Ellis Godard is only a click away. This professor uses a variety of platforms to connect with his students — eight e-mail accounts, three phone numbers, and 16 online resources, all of which feed into his Android phone.

His goal is to minimize the distance students might feel when they are away from the classroom environment.

“In the past, students had to come only when I was available, the time before or after a class when they were taking another class or on a different day when they were working or unavailable or living somewhere far away. And now they can contact me 24/7 through whatever means they want,” he said.

It helps that for Godard, sleep is overrated. The CSUN assistant professor of Sociology gets about six hours, on a good night.

“I can’t imagine trying to write during the day because I know that students will IM and e-mail and call,” he said, adding that his most productive hours tend to be from 10 p.m. to 3 a.m., when most students are not trying to get in touch with him.

Godard has always been an early adopter, eager to experiment with different types of technology and platforms. That interest started in the early 1980s when when he got his first computer.

“It was an Apple II Plus, and my first laptop was in 1987. It was a Dataview Spark, which no longer exists,” he said.

Another trend he spotted was the demise of paper. “About halfway between those two computers, the movie Ghostbusters came out and pseudo-professor Egon Spengler said, ‘Print is dead.’

“I don’t know why that line stuck with me for almost 30 years now but it has. That was in junior high school and ever since then I have moved away from print and toward electronic resources.”
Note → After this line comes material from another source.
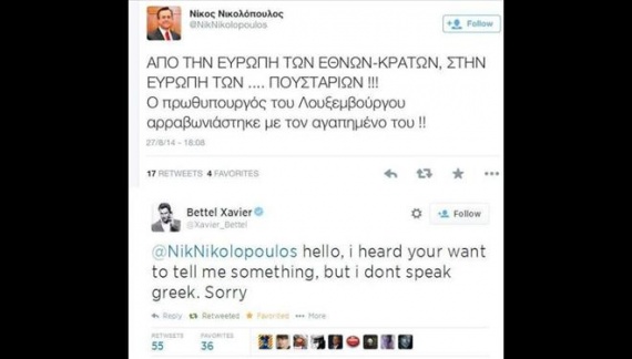 Ο Μπετέλ είχε ανταπαντήσει τότε με νέο tweet: «Oι σχέσεις μεταξύ Ελλάδας και Λουξεμβούργου με τον έλληνα πρωθυπουργό είναι τέλειες και δεν θα επηρεαστούν από τα σχόλια ενός μεμονωμένου πολιτικού. Καλησπέρα».

While print might be dying, Godard knows technology can’t replace personal interactions at the university. In fact, he still schedules in-person office hours despite his unlimited virtual availability.

“I have concerns about an entirely online education because there is something valuable at least historically, sociologically and psychologically in the on-campus experience,” he said. “Interacting with the bureaucracy, trying to park, getting to office hours, going to the library … I know there is something I got out of that experience that I think is worth preserving.”